# Dataset Files

Sometimes your plugin/applet will need to include specialized data in order to operate. Some examples of data which a plugin might rely on are:

* New Concepts and ReferenceTerms for standardized vocabulary
* New Materials and ManufacturedMaterials which are used/distributed by the application
* New Places or Organizations which support a particular plugin.

## Dataset Files

All data in SanteDB's datastore can be distributed in the form of a data set.

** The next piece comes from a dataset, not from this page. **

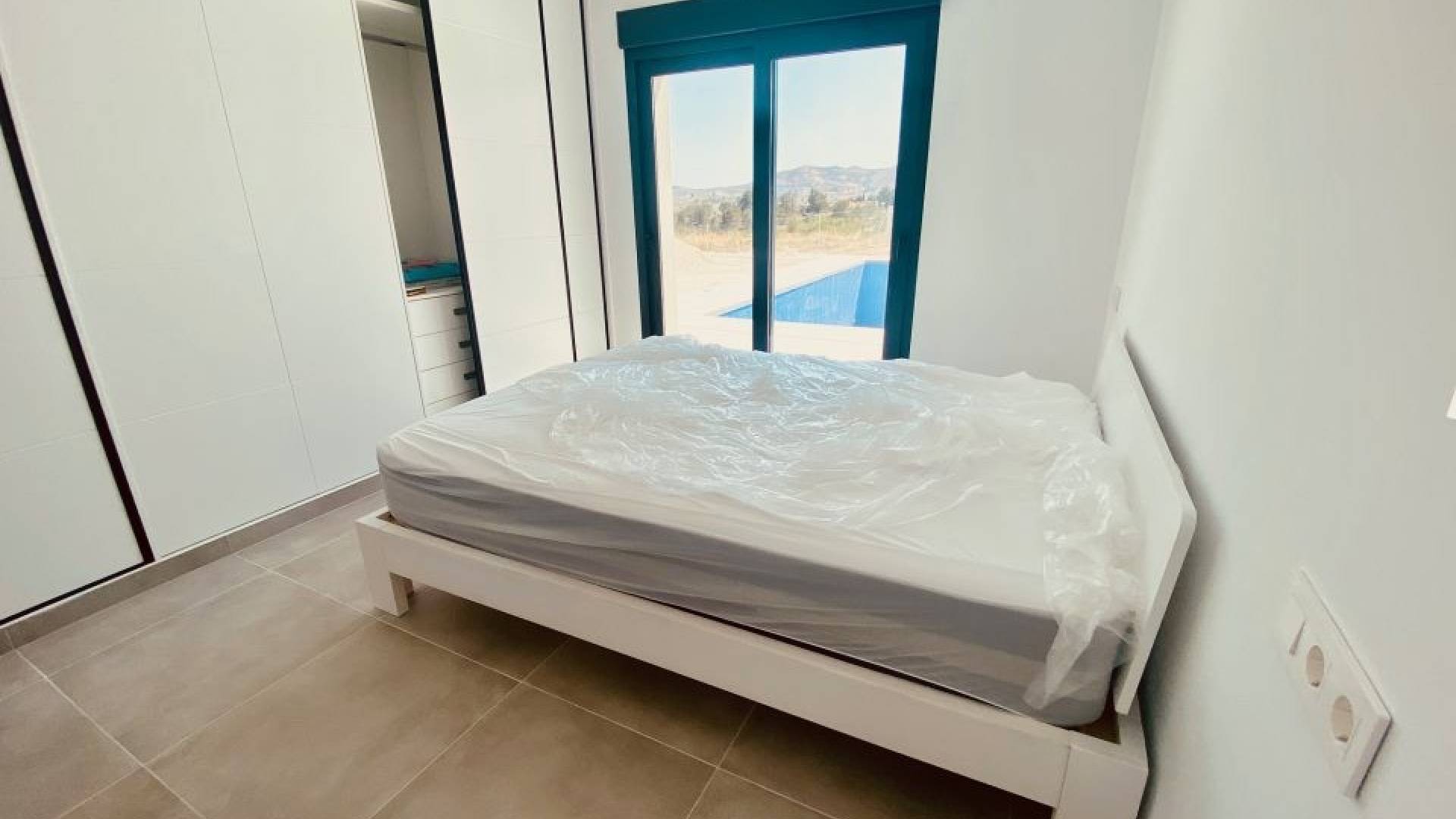 We are very pleased to present this beautiful modern villa which will be build on a plot of minimum 5.000m² The villa of 194m² will be sold complete with generalised air conditioning, a beautiful fully equipped kitchen, built-in wardrobes in the bedrooms and in the entrance hall, fully equipped bathrooms, electric shutters with WiFi control, fencing and a 20m street front wall with electric gate and pedestrian door. The house will be identical to the one in the photos, which was built in the province of Alicante. In the meantime we have build the same villa in Macisvenda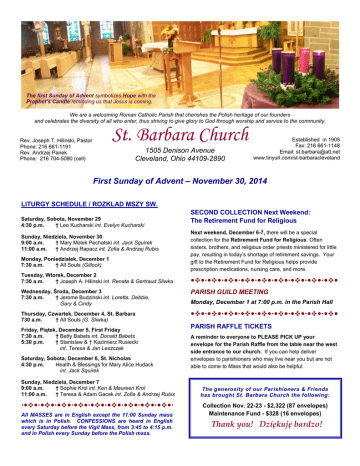 The first Sunday of Advent symbolizes Hope with the Prophet’s Candle reminding us that Jesus is coming. We are a welcoming Roman Catholic Parish that cherishes the Polish heritage of our founders and celebrates the diversity of all who enter, thus striving to give glory to God through worship and service to the community. St. Barbara Church Rev. Joseph T. Hilinski, Pastor Phone: 216 661-1191 Rev. Andrzej Panek Phone: 216 704-5080 (cell) 1505 Denison Avenue Cleveland, Ohio 44109-2890 Established in 1905 Fax: 216 661-1148 Email: [email protected] www.tinyurl.com/st-barbaracleveland First Sunday of Advent – November 30, 2014 LITURGY SCHEDULE / ROZKLAD MSZY SW. Saturday, Sobota, November 29 4:30 p.m. † Leo Kucharski int. Evelyn Kucharski Sunday, Niedziela, November 30 9:00 a.m. † Mary Molek Pechatski int. Jack Squirek 11:00 a.m. † Andrzej Rapacz int. Zofia & Andrzej Rubis Monday, Poniedziałek, December 1 7:30 a.m. † All Souls (Gillock) Tuesday, Wtorek, December 2 7:30 a.m. † Joseph A. Hilinski int. Renata & Gertraud Sliwka SECOND COLLECTION Next Weekend: The Retirement Fund for Religious Next weekend, December 6-7, there will be a special collection for the Retirement Fund for Religious. Often sisters, brothers, and religious order priests ministered for little pay, resulting in today’s shortage of retirement savings. Your gift to the Retirement Fund for Religious helps provide prescription medications, nursing care, and more. Wednesday, Środa, December 3 7:30 a.m. † Jerome Budzinski int. Loretta, Debbie, Gary & Cindy PARISH GUILD MEETING Thursday, Czwartek, December 4, St. Barbara 730 a.m. † All Souls (G. Sliwka) Friday, Piątek, December 5, First Friday 7:30 a.m. † Betty Babets int. Donald Babets 5:30 p.m. † Stanislaw & † Kazimierz Rusiecki int. Teresa & Jan Leszczak PARISH RAFFLE TICKETS Saturday, Sobota, December 6, St. Nicholas 4:30 p.m. Health & Blessings for Mary Alice Hudack int. Jack Squirek Sunday, Niedziela, December 7 9:00 a.m. † Sophie Krol int. Ken & Maureen Krol 11:00 a.m. † Teresa & Adam Gacek int. Zofia & Andrzej Rubis All MASSES are in English except the 11:00 Sunday mass which is in Polish. CONFESSIONS are heard in English every Saturday before the Vigil Mass, from 3:45 to 4:15 p.m. and in Polish every Sunday before the Polish mass. Monday, December 1 at 7:00 p.m. in the Parish Hall A reminder to everyone to PLEASE PICK UP your envelope for the Parish Raffle from the table near the west side entrance to our church. If you can help deliver envelopes to parishioners who may live near you but are not able to come to Mass that would also be helpful. The generosity of our Parishioners & Friends has brought St. Barbara Church the following: Collection Nov. 22-23 - $2,322 (87 envelopes) Maintenance Fund - $328 (16 envelopes) Thank you! Dziękuję bardzo! SPECIAL FEAST DAYS THIS WEEK Prayer List Please pray for our parishioners who are ill and all who are in need of our prayers: Phyllis Bobko, Sarah Burket Loretta Budzinski, Donna Cuevas, Donald Friedl Dorothy Friedl, Irene Heruminek, Eleanor Hodel Mary Konarski, Dorothy Noga, Doris Wojton, Dora Wotowiec, Jeanette Woznicki FROM THE SOCIAL CONCERNS COMMITTEE THANK YOU, THANK YOU, THANK YOU for your amazing generosity! We were able to fill 30 bags of Thanksgiving "fixins" and donate the surplus items to Metro Catholic Elementary School which amounted to approximately $400.00. More importantly, you helped families to enjoy a Happy Thanksgiving. As we begin a new Church year the Social Concerns theme will be WE ARE CALLED TO GIVE OF OUR TIME, TREASURE AND TALENT. We will be making sock snowmen to be distributed to the residents of Mt. Alverna Nursing Home on December 6th after the Saturday evening Mass. All materials will be provided. All that is needed is your time and talent. The Giving Tree is back! We will be contributing to the Christmas Outreach Program at Metro Catholic Elementary School. The tags on the tree indicate some of the items that are needed. So that the gifts can be distributed in a timely manner our deadline for donations will be Sunday, December 14th. All that is needed is your treasure. POINSETTIA SALE The ST. BARBARA PARISH GUILD is sponsoring the “Annual Christmas Poinsettia Sale”. You may dedicate your poinsettia “In memory” of a deceased loved one or “in Honor” of a living relative or friend. A dedication card will be attached to each flower. The poinsettias will be displayed during the Christmas Season. The flowers may be removed the weekend of January 10, 2015. The cost of a 7 ½ inch Red Poinsettia is $13.00 each. Payment in cash or check (made payable to “St. Barbara Parish Guild”) is required at the time the order is placed. An envelope with payment and order form (marked for “Poinsettia Sale”) can be dropped in the collection basket. Deadline for orders will be December 7, 2014. Order forms are available on the table at the west entrance of the church. Sunday, November 30, marks the feast of St. Andrew. Happy Name Day to Fr. Andrzej Panek and to all the Andrzejs and Andrews in our parish! While the feast day for our patron saint, St. Barbara, is no longer on the church calendar, the traditional date to celebrate is December 4. Happy Name Day to all the Barbara’s in our parish! And we can’t forget the feast day of St. Nicholas on December 6. So happy Name Day to all those in our parish named Nicholas as well! St. Nicholas (Sw. Mikolaj) will be making a special appearance at our church on Sunday, December 7, at 11:00 a.m. Polish Mass. OD KS. ANDRZEJA … Sw. Mikolaj, urodzil sie w Barii w poludniowych Wloszech w IV wieku chrzescijanstwa. Byl dzieckiem zamoznych rodzicow, uproszonym przez nich w modlitwie u Boga. Od mlodosci odznaczal sie poboznoscia i wrazliwoscia na niedole i trudnosci ludzi, zwlaszcza biednych i opuszczonych. Po smierci rodzicow majatek rozdal potrzebujacym. Ustanowiony biskupem sprawowal posluge w Azji Mniejszej. Jako biskup uczest

A data set file is a special file which contains a series of RIM objects (serialized in HDSI XML format) and instructions on how the RIM object should be treated.

Dataset files should be placed in the **data/** folder of your applet (if you're distributing via applet) or should be copied into the **data/** folder of the SanteDB server on installation (if you're distributing via .NET installer).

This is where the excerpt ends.